Traditional fuzzing fails to guarantee security for critical software systems, while symbolic execution suffers from path explosion and scalability limitations. To address these challenges, this paper proposes a divide-and-conquer–based symbolic vulnerability detection method. The approach integrates control-flow graph analysis with path-sensitive constraint solving, and—novelty—it systematically incorporates the divide-and-conquer paradigm into symbolic execution, enabling dynamic pruning of irrelevant program paths to significantly mitigate path explosion. Experimental evaluation across multiple real-world open-source projects demonstrates that our method achieves a 3.2× improvement in detection efficiency, scales to million-line codebases, and covers seven representative weakness categories from the OWASP Top 10. It thus overcomes key scalability bottlenecks inherent in existing symbolic execution and model-checking techniques.

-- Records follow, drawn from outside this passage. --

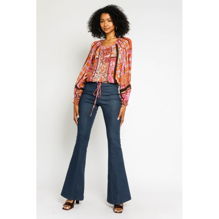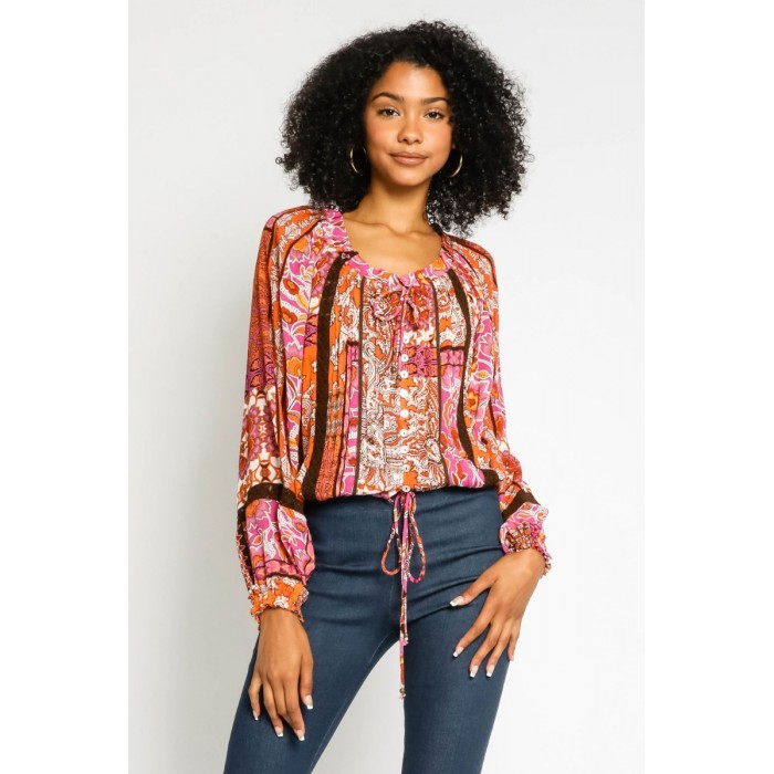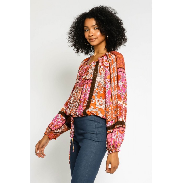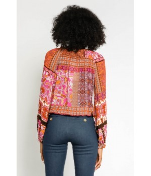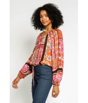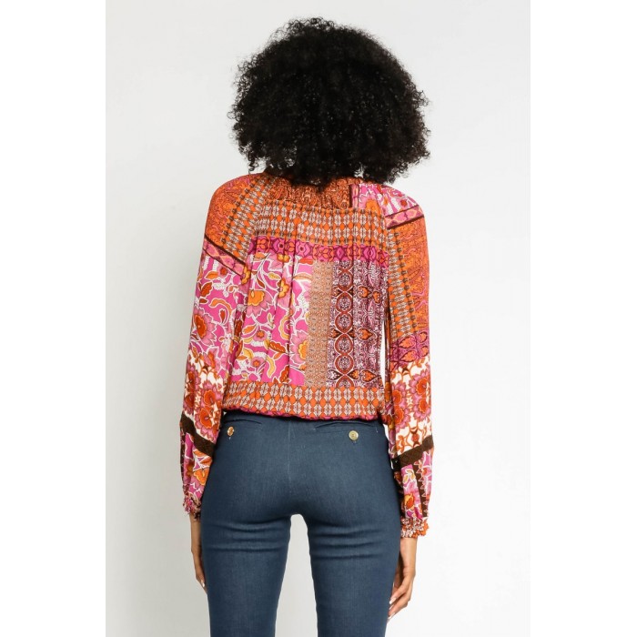 Magenta Patchwork Blouse features a drawstring waist and button up front. Can be worn on or off the shoulders. Lace detailing down the front panel and above the elastic cuffs.
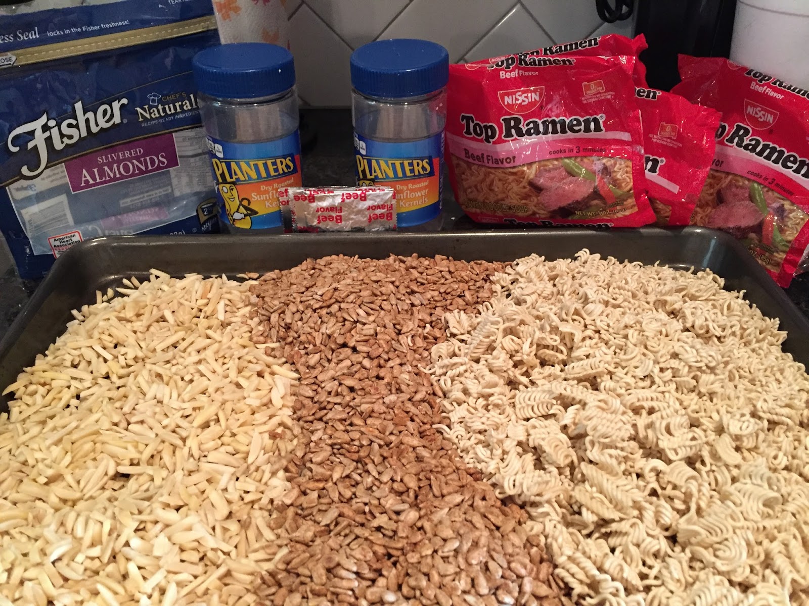 Place nuts, seeds, and noodles on large baking sheet and toast in oven for 12 minutes or until almonds are just beginning to brown. Remove from oven and place cookie sheet on rack to cool.
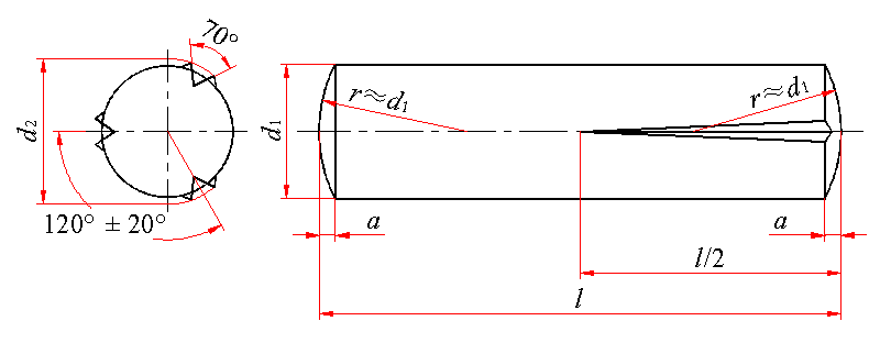 标记示例: 公称直径 d1=6mm、公称长度 l=50mm、材料为碳钢、硬度为125~245 HV30、不经表面处理的半长锥槽的槽销的标记: 销 GB/T 13829.6 6×50 公称直径 d1=6mm、公称长度 l=50mm、材料为A1组奥氏体不锈钢、硬度为210~280 HV30、表面简单处理的半长锥槽的槽销的标记: 销 GB/T 13829.6 6×50-A1 |

In modern software development, vulnerability detection is crucial due to the inevitability of bugs and vulnerabilities in complex software systems. Effective detection and elimination of these vulnerabilities during the testing phase are essential. Current methods, such as fuzzing, are widely used for this purpose. While fuzzing is efficient in identifying a broad range of bugs and vulnerabilities by using random mutations or generations, it does not guarantee correctness or absence of vulnerabilities. Therefore, non-random methods are preferable for ensuring the safety and security of critical infrastructure and control systems. This paper presents a vulnerability detection approach based on symbolic execution and control flow graph analysis to identify various types of software weaknesses. Our approach employs a divide-and-conquer algorithm to eliminate irrelevant program information, thus accelerating the process and enabling the analysis of larger programs compared to traditional symbolic execution and model checking methods.